Hanisch und Hoppe-Graff klassifizieren die Begriffskonstruktionen der Jugendlichen nach dem Grad ihrer jeweiligen Komplexität, der sich nach der jeweiligen Verbindung von Teilbegriffen
bestimmt. Sie unterscheiden sechs Typen, die mit den Attributen
rudimentär, immanent, theozentrisch, christologisch, monistisch
und inkonsistent markiert werden. (125)
Silvia
Vgl. Auszug des Interviews mit Silvia (86) als Beispiel eines „rudimentären“ Begriffs von Jesus Christus.
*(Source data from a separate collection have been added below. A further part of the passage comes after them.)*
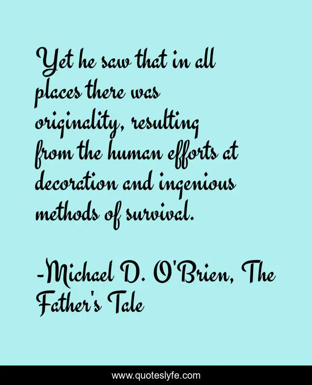 This page presents the quote "Yet he saw that in all places there was originality, resulting from the human efforts at decoration and ingenious methods of survival.". Author of this quote is Michael D. O'Brien, The Father's Tale. This quote is about places, people,.
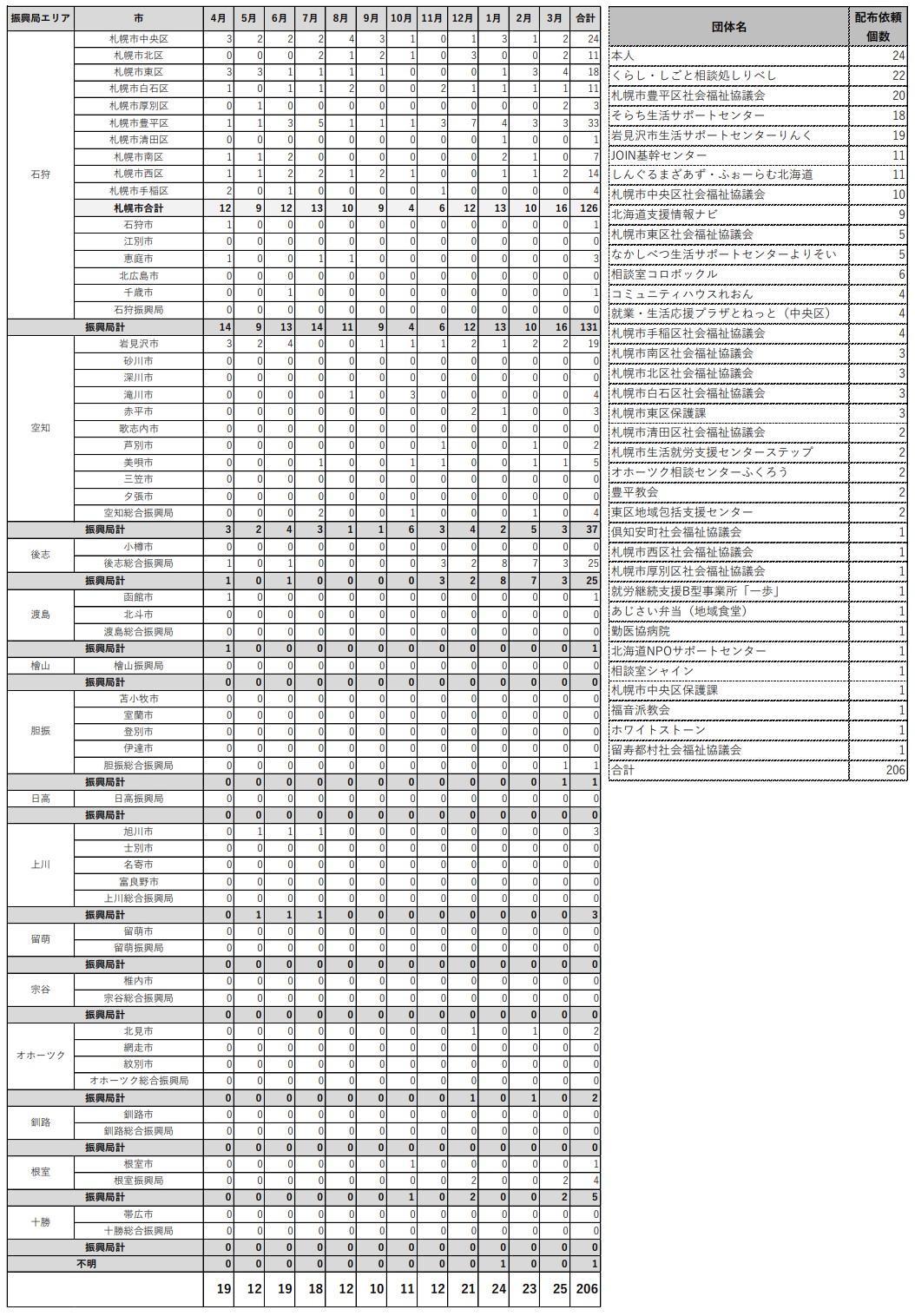 様に北海道庁を通じて、道内の福祉事務所設置自治体、生活困窮者自立相談支援機関(受
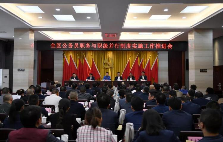 10月17日下午,我区召开全区公务员职务与职级并行制度实施工作推进会,区委书记陈阁辉出席,他强调,实施公务员职务与职级并行制度,是以习近平同志为核心的党中央作出的一项重大决策,对建设忠诚、干净、担当的高素质专业化公务员队伍具有重要意义,要严格落实中央和省委、市委的部署要求,增强政治责任感,深刻领会实施并行制度的功能作用和时代价值,切实把这项工作抓紧抓实抓好抓出成效。区委副书记、区长黄建文主持会议,区领导游志坚、漆胜、朱彦翼、周岳雄等参加。

Nach Hanisch/Hoppe-Graff verfügt
die Schülerin über viel Wissen, „aber ihr Wissen scheint sich aus einer
Fülle von Teilbegriffen additiv zusammenzusetzen, aus denen sich kein
Oberbegriff zusammenfügen lässt“. (124 f.)
Rebekka
(Jesus war) wahrscheinlich ein Mensch, der sehr stark an Gott geglaubt
hat, auf jeden Fall und für andere gelebt hat, und dass man dann ihn so
verehrt hat, dass man ihn als Sohn Gottes gesehen hat, nachdem er gestorben ist. … Jesus ist vielleicht mehr Mensch oder Vorbild als jemand,
zu dem man so betet oder so. Vielleicht hätt’ ich, vielleicht wäre ich ja
auch zu ihm gekommen, wenn ich zu der Zeit gelebt hätte, aber ich hätte
nicht zu ihm gebetet. (79 f.)
Die Begriffskonstruktion von Rebekka wird von den Autoren als
„immanentes“ Konstrukt bezeichnet, da Jesus nur als Mensch gesehen wird.
Leo
Eigentlich kann man nicht sagen, was er genau war. Er ist eigentlich kein
richtiger Mensch, natürlich weil er Gottes Sohn war … Er hat nicht unbedingt geboren werden müssen. Er hätte auch so auf die Erde kommen
können … Man kann nicht genau beschreiben, was Jesus ist. (31)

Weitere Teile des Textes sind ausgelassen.